Is Liam Neeson a racist? I don’t know the man so, I don’t know. But he’s Irish and we have long been on the receiving end of racism. We have some sense of how insulting, ridiculous, demeaning, undermining, ignorant and horrible it can be. But, we are white, so we also know that our experience is a pale shadow of what people with brown, black or yellow skin experience.

The problem is that most of us grow up with levels of racism. My childhood was spiked with references to the Jews who murdered Jesus, pennies for the poor Black Babies, Africans cooking missionaries in pots, the evils of the Yellow Peril, Russians who killed priests and nuns, the savage Red Indians attacking wagons full of nice white people. All of them, I learned, behaved that way because they were unfortunate pagans who needed Irish Missionaries to guide them on the true path of civility and righteousness!

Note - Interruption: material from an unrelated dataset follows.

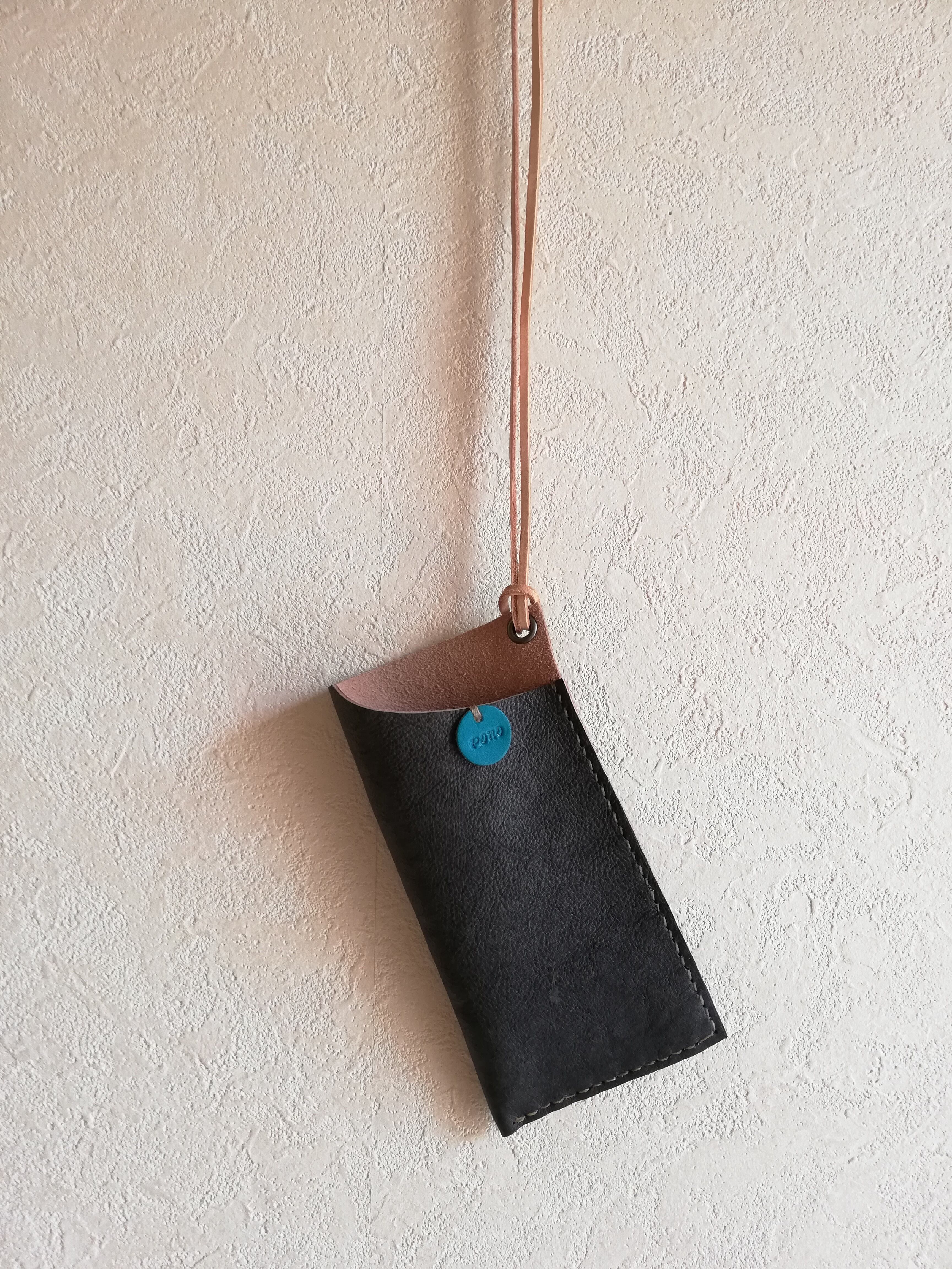 メガネホルダー ネックレス ヌメ革 チャコールグレー✗ブルー

As an adult I realised that these ideas were not just wrong, but stupid as well. I demonstrated against racism, I refused to buy the produce of racist regimes, I argued against racist comments, attitudes and prejudices. I consciously made friends with anyone I met who was not white. I believed myself to be unprejudiced, anti-racist, open-minded, liberal and generally a very good egg.

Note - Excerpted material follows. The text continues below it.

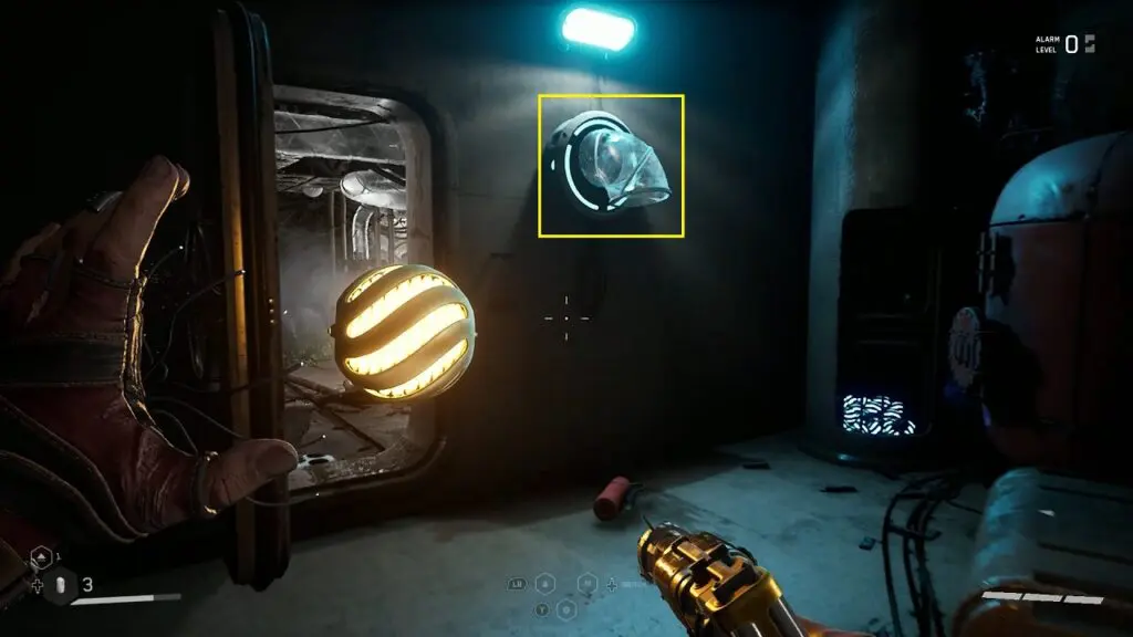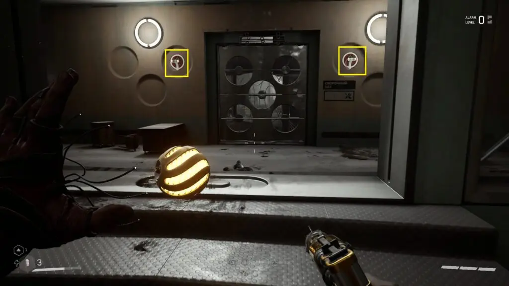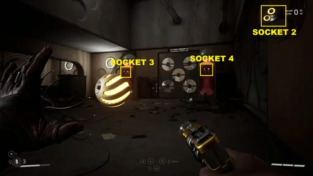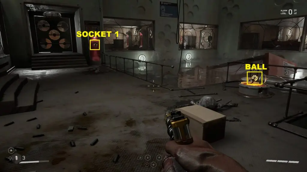 After reaching the puzzle area, pick up the ball as shown in the picture below, and insert it into Socket 1. This will open the door next to the socket. Proceed inside to reach the bronze chest. Open it to get the KS-23 – Collimator blueprint.

And then I went to Trinidad.

One day I found myself in downtown Port of Spain. Looking about me I realised that I was the only white person on the street – and I wasn’t freaked out! That just proved how cool and non-racist I was – totally unaware that this notion was, of itself, racist! I went into a shop. The assistant ignored me. She served several people who had come in after me. Initially I wasn’t bothered but, by the time she’d served the sixth person, while continuing to ignore me, I was getting hot under the collar. Suddenly from the depths of my psyche a thought flashed into my head.

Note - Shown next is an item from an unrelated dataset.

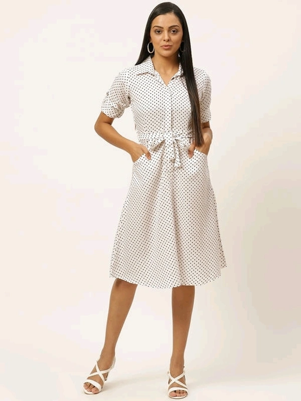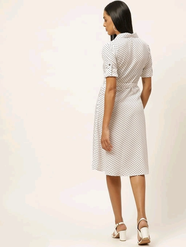U&F White Poly Crepe Shirt Collar Party Fit and Flare Dress Fabric: Poly Crepe Sleeve Length: Three-Quarter Sleeves Pattern: Printed Multipack: 1 Sizes: S (Bust Size: 36 in, Length Size: 42 in) L (Bust Size: 40 in, Length Size: 42 in) M (Bust Size: 38 in, Length Size: 42 in) Treat yourself to a new dress from U&F and embrace your personal style. Complement this piece with a pair of caged heels, your favourite bag and some minimalistic silver jewellery for a classy date ensemble. Country of Origin: India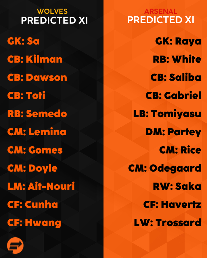Wolves (3-5-2): Sa; Kilman, Dawson, Toti; Semedo, Lemina, Gomes, Doyle, Ait-Nouri; Cunha, Hwang.

How dare she ignore me… I’m white!!!!!!!!!!!!!

Did I think that? Did I really think that? I was so shocked that I had to leave the shop and rest against a tree. And there, for the first time, I realised that the racism I’d grown up with still lurked deep inside. For the very first time I understood how unaware of our own racism we can be. How it will rise to the surface when we’re put under pressure. It was a sharp slap in the face for my liberal self.

Liam Neeson’s experience was much more distressing than mine. His response at the time was both racist and savage. He recognises that now and regrets it. So here’s my question.

When you realise that your behaviour was racist, when you regret it, learn from it and strive to change , is it racist to recount the incident?